## Data provided
○ ○ ○ ○

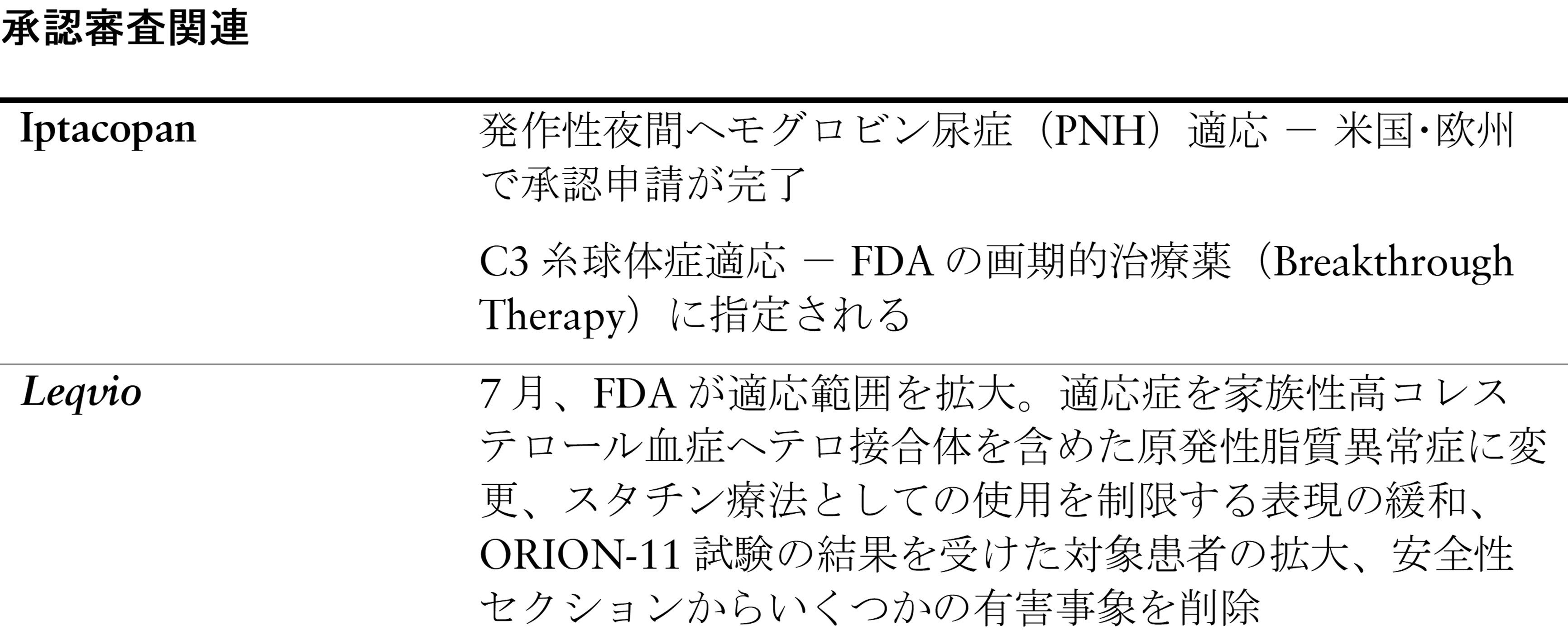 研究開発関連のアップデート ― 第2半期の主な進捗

○ ○ ○ ○

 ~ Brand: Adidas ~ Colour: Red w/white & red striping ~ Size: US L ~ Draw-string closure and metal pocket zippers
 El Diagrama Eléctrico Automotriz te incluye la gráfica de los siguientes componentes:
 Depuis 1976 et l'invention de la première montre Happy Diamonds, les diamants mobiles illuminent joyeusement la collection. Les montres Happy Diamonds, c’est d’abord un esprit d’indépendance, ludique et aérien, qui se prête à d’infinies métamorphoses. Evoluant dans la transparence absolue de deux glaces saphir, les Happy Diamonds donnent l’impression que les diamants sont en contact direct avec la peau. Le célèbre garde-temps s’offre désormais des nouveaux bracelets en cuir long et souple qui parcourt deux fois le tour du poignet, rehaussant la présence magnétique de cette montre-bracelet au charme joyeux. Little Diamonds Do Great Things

○ ○ ○ ○

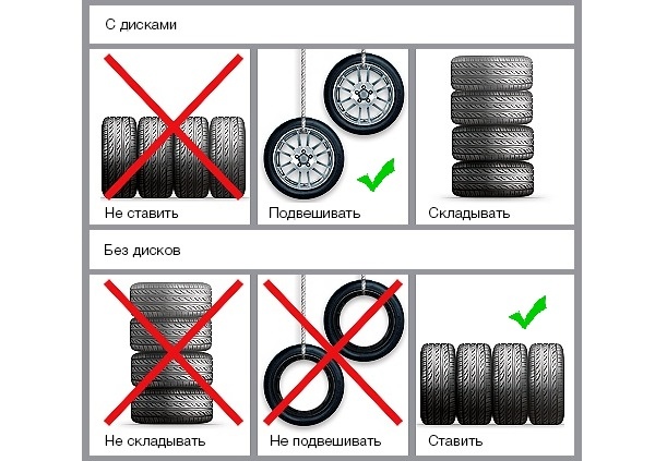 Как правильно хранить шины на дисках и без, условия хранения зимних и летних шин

○ ○ ○ ○

## About this task
Within the listing above, give again exactly every line from the line with "metal pocket zippers" through the line with "Depuis 1976 et", both included, and no other line.

## Solved exercise
 ~ Brand: Adidas ~ Colour: Red w/white & red striping ~ Size: US L ~ Draw-string closure and metal pocket zippers
 El Diagrama Eléctrico Automotriz te incluye la gráfica de los siguientes componentes:
 Depuis 1976 et l'invention de la première montre Happy Diamonds, les diamants mobiles illuminent joyeusement la collection. Les montres Happy Diamonds, c’est d’abord un esprit d’indépendance, ludique et aérien, qui se prête à d’infinies métamorphoses. Evoluant dans la transparence absolue de deux glaces saphir, les Happy Diamonds donnent l’impression que les diamants sont en contact direct avec la peau. Le célèbre garde-temps s’offre désormais des nouveaux bracelets en cuir long et souple qui parcourt deux fois le tour du poignet, rehaussant la présence magnétique de cette montre-bracelet au charme joyeux. Little Diamonds Do Great Things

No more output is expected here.